====== Recorded data ======

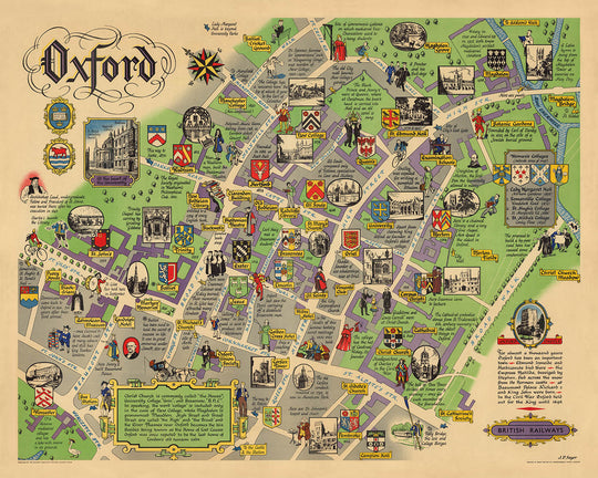 "Oxford," a map originally published in 1949 by J.P Sayer, is a captivating piece that invites viewers to explore the illustrious city of Oxford. This city map is a thematic and pictorial representation of the city, offering a unique perspective of Oxford's historical and cultural landscape. Notably, it is a pictorial poster map that was once used by British Railways to promote rail travel, a testament to the map's historical significance and its role in shaping travel and tourism in the mid-20th century. The map is rich in detail, covering the area from St. John's and the Ashmolean at the left edge to the River Cherwell and Broad Walk at the right edge, and from Balliol Cricket Ground and Manchester College to Magdalen at the upper edge and from Worcester to Campion Hall at the lower edge.
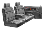 Optional leather 55/45 seating surface with front and rear center armrests, adjustable head restraints, driver and front-passenger- seat recliners, and seat-back storage pockets (not available on Wagon, which has Custom Cloth standard) .
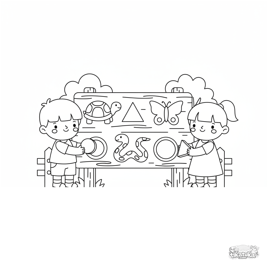 Раскраска для детей 7-9 лет: дети сопоставляют геометрические фигуры с силуэтами животных на интерактивной табличке в зоопарке. Обучение через игру.
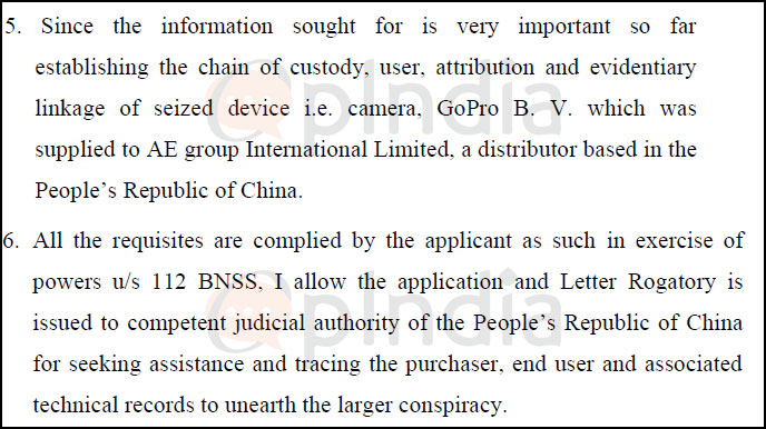 Allowing the application under Section 112 of the BNSS, Special Judge Prem Sagar held that the information sought was critical to the case. The court observed, “Since the information sought for is very important so far establishing the chain of custody, user, attribution and evidentiary linkage of seized device i.e. camera, GoPro BV, which was supplied to AE Group International Limited, a distributor based in the People’s Republic of China.”

======

## Exercise goal
Would you restate the listing word for word and leave every picture out?

## Answer section
 "Oxford," a map originally published in 1949 by J.P Sayer, is a captivating piece that invites viewers to explore the illustrious city of Oxford. This city map is a thematic and pictorial representation of the city, offering a unique perspective of Oxford's historical and cultural landscape. Notably, it is a pictorial poster map that was once used by British Railways to promote rail travel, a testament to the map's historical significance and its role in shaping travel and tourism in the mid-20th century. The map is rich in detail, covering the area from St. John's and the Ashmolean at the left edge to the River Cherwell and Broad Walk at the right edge, and from Balliol Cricket Ground and Manchester College to Magdalen at the upper edge and from Worcester to Campion Hall at the lower edge.
 Optional leather 55/45 seating surface with front and rear center armrests, adjustable head restraints, driver and front-passenger- seat recliners, and seat-back storage pockets (not available on Wagon, which has Custom Cloth standard) .
 Раскраска для детей 7-9 лет: дети сопоставляют геометрические фигуры с силуэтами животных на интерактивной табличке в зоопарке. Обучение через игру.
 Allowing the application under Section 112 of the BNSS, Special Judge Prem Sagar held that the information sought was critical to the case. The court observed, “Since the information sought for is very important so far establishing the chain of custody, user, attribution and evidentiary linkage of seized device i.e. camera, GoPro BV, which was supplied to AE Group International Limited, a distributor based in the People’s Republic of China.”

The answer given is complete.